◆ **Raw data**:
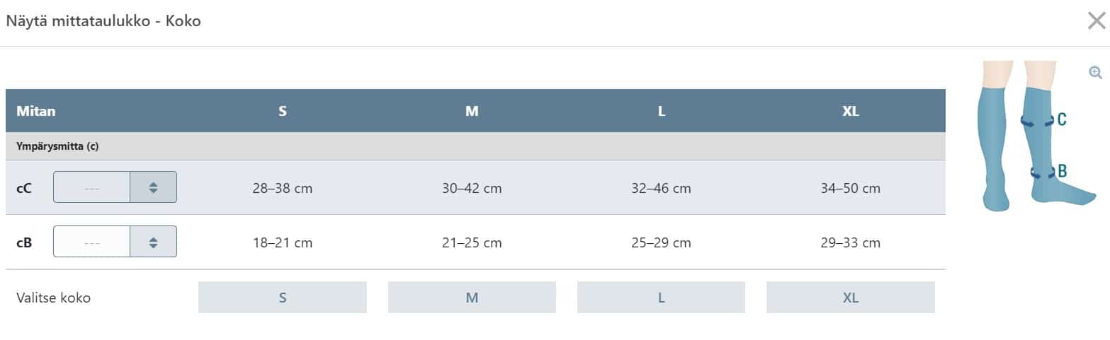Mittaa nilkan ympärys nilkan kapeimmasta kohdasta ja pohkeen ympärys pohkeen paksuimmasta kohdasta.
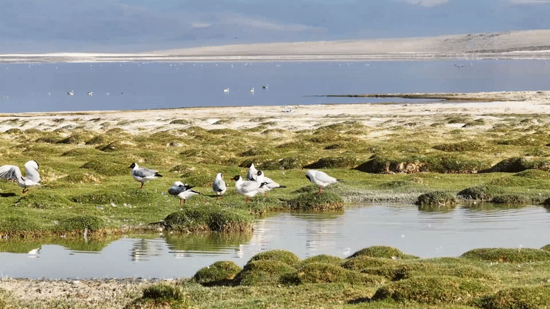 在扎日南木錯(cuò)湖西北處的淡水淺灘區(qū)生長著茂密的水草和藻類,形成適合鳥類棲息的生態(tài)濕地。
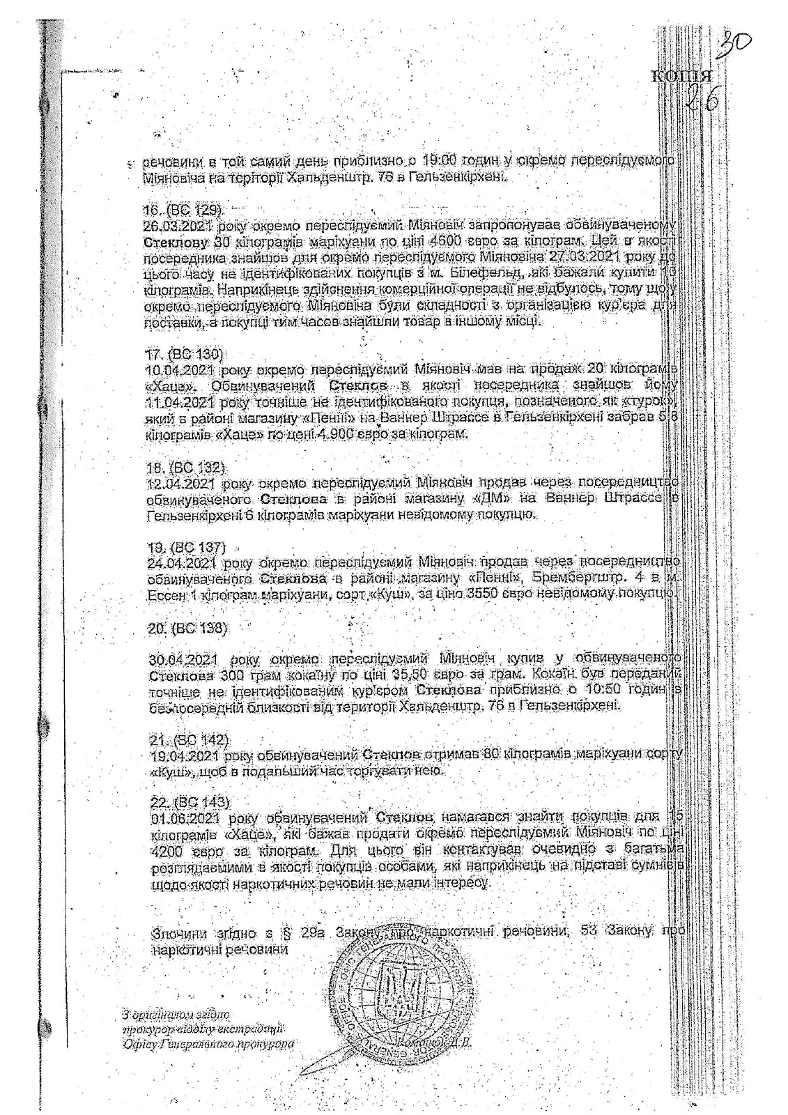 Там теж чорним по білому написано: «продав 2 кілограми кокаїну за 66 000 євро», «купив кілограм гашишу за 5 євро», «продав 32 кілограми гашишу з прибутком у 13 000 євро», «купив 17 кілограмів марихуани», кілограмів марихуани з метою продажу»… Усього – 22 епізоди.
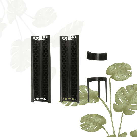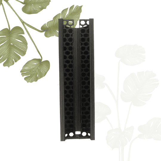 Tyczki są drukowane w technologii 3D z biodegradowalnego materiału, jakim jest PLA, dzięki czemu są przyjazne dla środowiska i trwałe. Dzięki wypełnieniu włóknem kokosowym, rośliny pnące lepiej rosną, a ich liście stają się większe i zdrowsze. Odpowiednie podparcie pozwala roślinom na optymalne rozłożenie energii i skuteczniejszy rozwój.

◆ **Activity**: Return the lines exactly, from the one containing "Там теж чорним" through the last line above, including both ends and excluding every picture.

◆ **Solution for this exercise**:
 Там теж чорним по білому написано: «продав 2 кілограми кокаїну за 66 000 євро», «купив кілограм гашишу за 5 євро», «продав 32 кілограми гашишу з прибутком у 13 000 євро», «купив 17 кілограмів марихуани», кілограмів марихуани з метою продажу»… Усього – 22 епізоди.
 Tyczki są drukowane w technologii 3D z biodegradowalnego materiału, jakim jest PLA, dzięki czemu są przyjazne dla środowiska i trwałe. Dzięki wypełnieniu włóknem kokosowym, rośliny pnące lepiej rosną, a ich liście stają się większe i zdrowsze. Odpowiednie podparcie pozwala roślinom na optymalne rozłożenie energii i skuteczniejszy rozwój.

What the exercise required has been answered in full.